A piscicultura, de forma geral, até pouco tempo atrás
não era considerada uma atividade geradora de impacto
ambiental, porém já se foi comprovado que o os impactos
negativos causados são muitos, com consequências diretas
ao meio ambiente. Dentre estes impactos pode se citar de
acordo com Eler e Millani (2007) o aumento da quantidade
de sólidos suspensos na água, da quantidade de nutrientes
dissolvidos e a redução nas concentrações de oxigênio
dissolvido. Há também o enriquecimento pelo fósforo e
nitrogênio, tendo como maior problema a estimulação do
crescimento de fitoplânctons. Além do efluente produzido
pelos processos naturais, tais como fezes, ração não
consumida e o enriquecimento de nutrientes a piscicultura
também pratica o lançamento de produtos químicos, os quais
são utilizados na desinfecção, controles de pestes e
tratamentos de doenças.
Devido aos impactos causados no meio ambiente
decorrentes da piscicultura, recentemente, introduziu-se o
conceito de "Aquicultura Sustentável" que de acordo com
Valenti (2008) pode ser definida como a produção lucrativa
de organismos aquáticos, mantendo uma interação
harmônica duradoura com os ecossistemas e as comunidades
locais.
Neste contexto, a truticultura em Santa Catarina
caracteriza-se como uma atividade típica de propriedades
familiares cujos sistemas de cultivo foram adaptados à
realidade regional em função da sua topografia acidentada.
Devido ao Oeste e Serra Catarinense, por exemplo, possuir
corpos hídricos com temperaturas baixas, o local é propício
para criação de trutas, objeto deste trabalho, as quais são
espécies que só sobrevivem em regiões que apresentem
temperaturas inferiores aos 22 º C (Amaral, 2007).
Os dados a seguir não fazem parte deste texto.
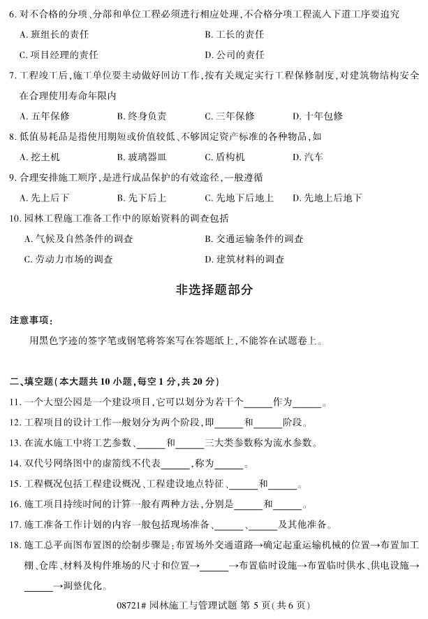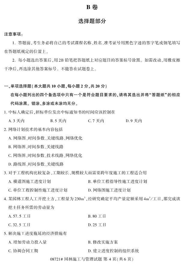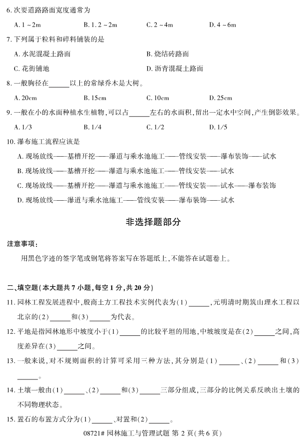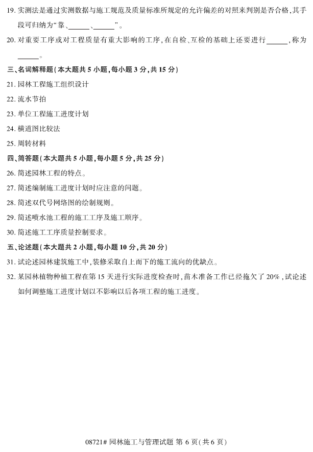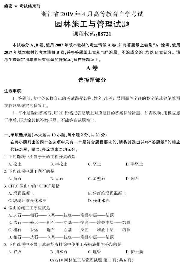 • 所在位置:浙江自考网 > 自考试卷 > 浙江省2019年4月自考08721园林施工管理试题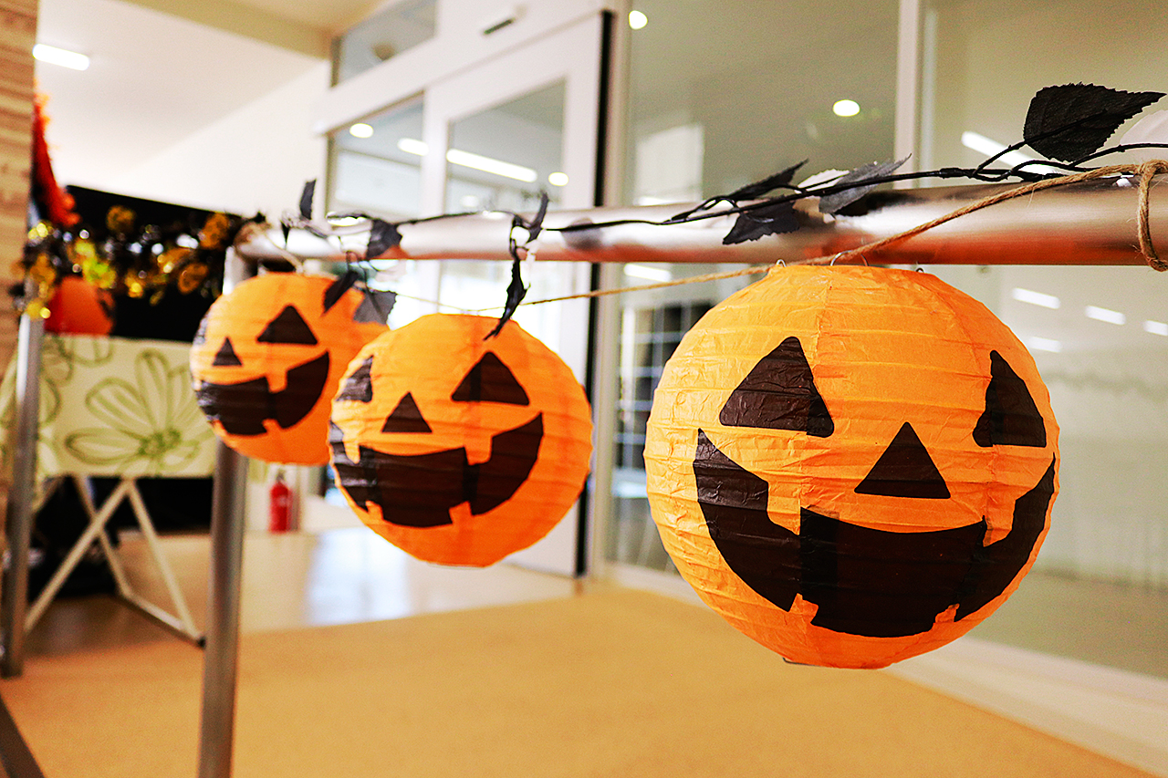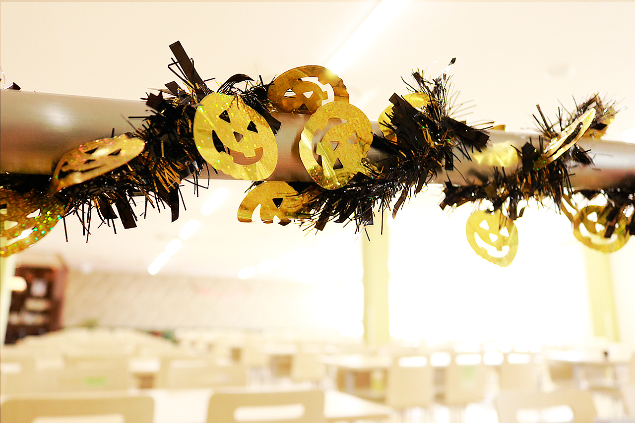 働きさん(=従業員)の皆さんがハロウィーン仕様に飾られた食堂で、ハロウィーンをモチーフに作られたお食事に舌鼓を打って楽しんでいました。

Não
existem ainda estudos sobre o impacto ambiental do cultivo
de trutas em Santa Catarina, sendo esta situação a principal
motivação para realização deste estudo que irá gerar um
diagnóstico para elaboração de um plano de gestão que
favoreça a produção sustentável sob o ponto de vista
ambiental.
O presente estudo teve como objetivo o monitoramento
da qualidade da água com relação à criação de trutas na
Serra da Farofa, no Planalto Catarinense, e por fim, avaliar
se pode ser aplicado o conceito da piscicultura sustentável
neste sistema.
Material e Métodos
A propriedade escolhida para realização deste estudo
possui a capacidade de produzir 36 toneladas por ciclo. A
instalação está alocada em uma área total de 3,2 ha. A área
construída ocupa 2 ha e contém 22 tanques para o
crescimento das trutas (21 sendo retangular e um maior
irregular dividida em subseções menores). A área molhada
totaliza 946 m² e após os tanques existe uma lagoa de
decantação com 200 m² para o descarte da água utilizada no
processo. A água é totalmente renovada a cada hora, em
função do tempo de detenção hidráulico médio. Os alevinos
são estocados com uma densidade de 95,1 peixes/m².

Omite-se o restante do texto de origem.